Data below:

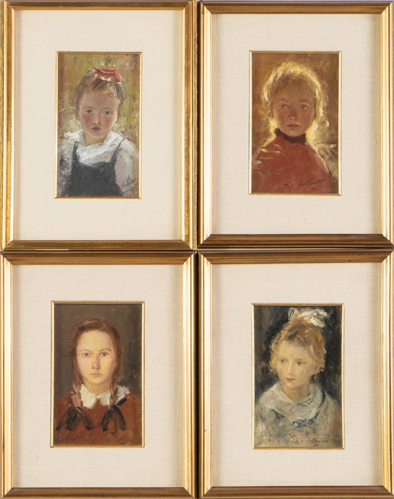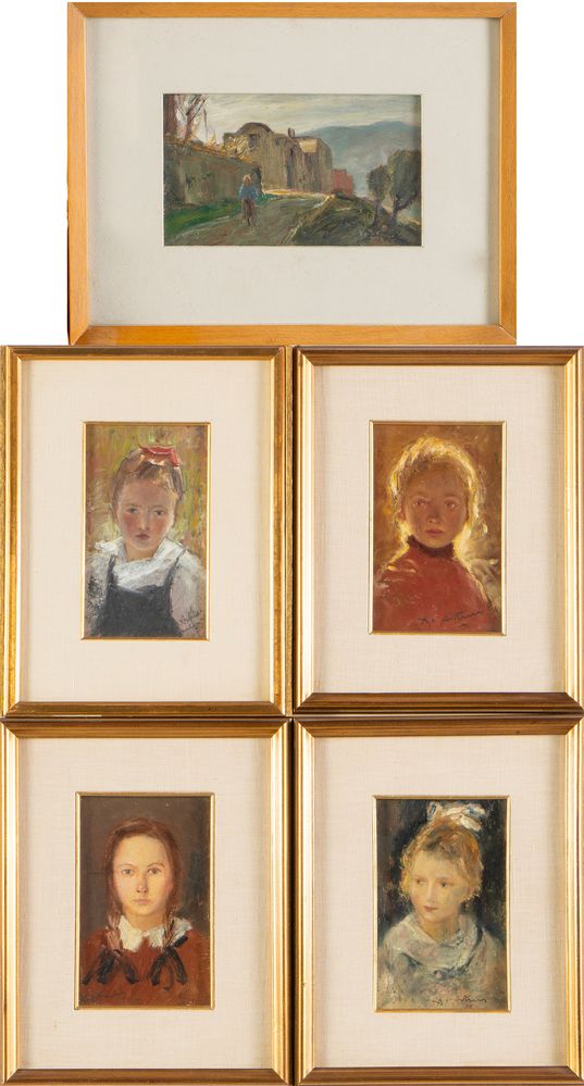 ARTUSI (XX secolo) Lotto composto da cinque tecniche miste su carta. Rispettivamente di cm 16x10; cm 16x10; cm 16x10 e cm 16x10; cm 9,5x16,5. Opere firmate in basso.
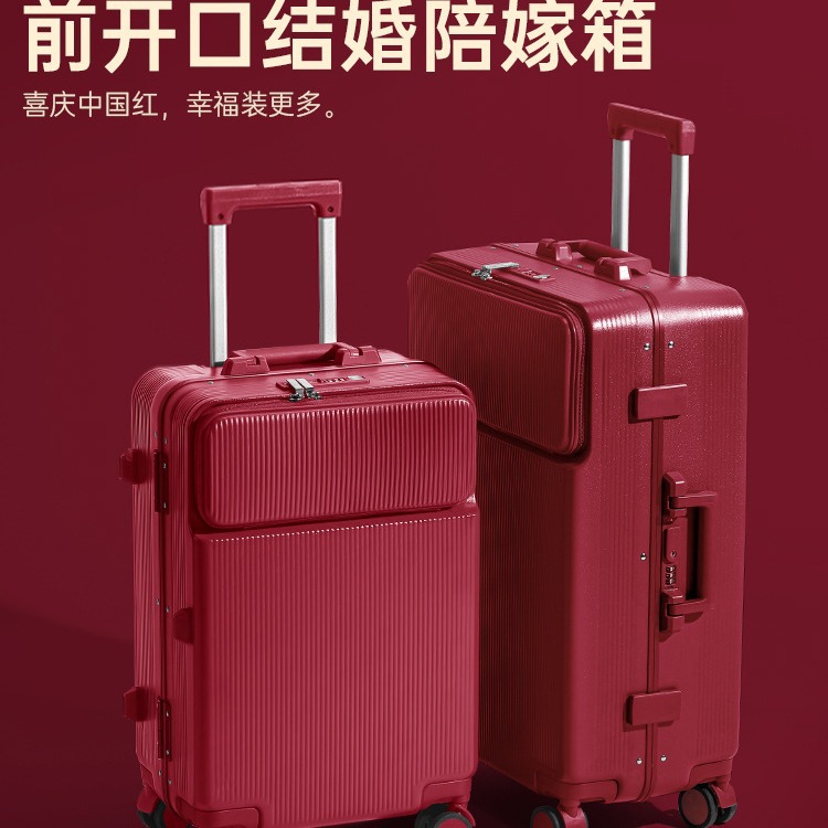 Sarung bukaan depan pernikahan merah pengantin wanita kotak troli pernikahan dengan ritsleting kata sandi kulit 20 inci 24
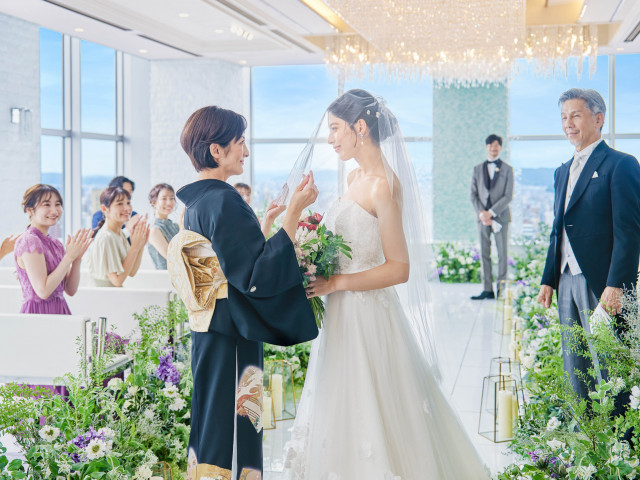 【圧巻の絶景!天空チャペル】地上101mの天空のチャペルでの、挙式入場を体験♪市内を一望できる景観を背景に、お二人の挙式シーンをイメージ♪
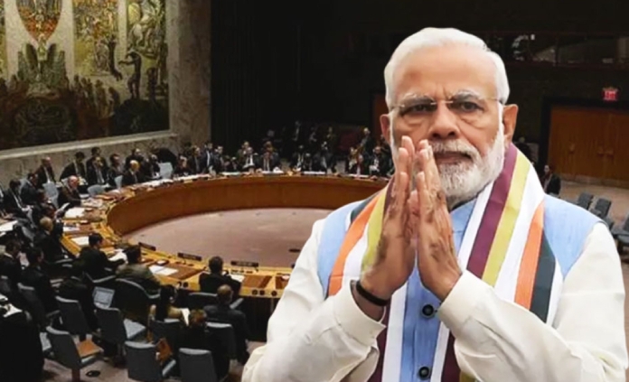 संयुक्त राष्ट्रांच्या सुरक्षा परिषदेत भारताचे कायम सदस्यत्व मिळवण्यासाठी, विद्यमान मोदी सरकार सक्रिय आहे. भारताचा वाढता जागतिक दर्जा ओळखून, पंतप्रधान नरेंद्र मोदी यांनी भारताच्या राजनैतिक प्रभावाचा, आर्थिक सामर्थ्याचा आणि ग्लोबल साऊथचा नेता म्हणून कायमस्वरूपी जागेसाठी भारताला मजबूत दावेदार म्हणून समोर आणले आहे. संयुक्त राष्ट्रांच्या शांतता मोहिमांमध्ये, भारताचे महत्त्वपूर्ण योगदान आणि जागतिक शांतता आणि सुरक्षेसाठीची वचनबद्धता सरकारने सातत्याने अधोरेखित केली आहे.

End of Data.

* _What you should do_
Print the listing exactly, images excluded.

* _Response to the task_
 ARTUSI (XX secolo) Lotto composto da cinque tecniche miste su carta. Rispettivamente di cm 16x10; cm 16x10; cm 16x10 e cm 16x10; cm 9,5x16,5. Opere firmate in basso.
 Sarung bukaan depan pernikahan merah pengantin wanita kotak troli pernikahan dengan ritsleting kata sandi kulit 20 inci 24
 【圧巻の絶景!天空チャペル】地上101mの天空のチャペルでの、挙式入場を体験♪市内を一望できる景観を背景に、お二人の挙式シーンをイメージ♪
 संयुक्त राष्ट्रांच्या सुरक्षा परिषदेत भारताचे कायम सदस्यत्व मिळवण्यासाठी, विद्यमान मोदी सरकार सक्रिय आहे. भारताचा वाढता जागतिक दर्जा ओळखून, पंतप्रधान नरेंद्र मोदी यांनी भारताच्या राजनैतिक प्रभावाचा, आर्थिक सामर्थ्याचा आणि ग्लोबल साऊथचा नेता म्हणून कायमस्वरूपी जागेसाठी भारताला मजबूत दावेदार म्हणून समोर आणले आहे. संयुक्त राष्ट्रांच्या शांतता मोहिमांमध्ये, भारताचे महत्त्वपूर्ण योगदान आणि जागतिक शांतता आणि सुरक्षेसाठीची वचनबद्धता सरकारने सातत्याने अधोरेखित केली आहे.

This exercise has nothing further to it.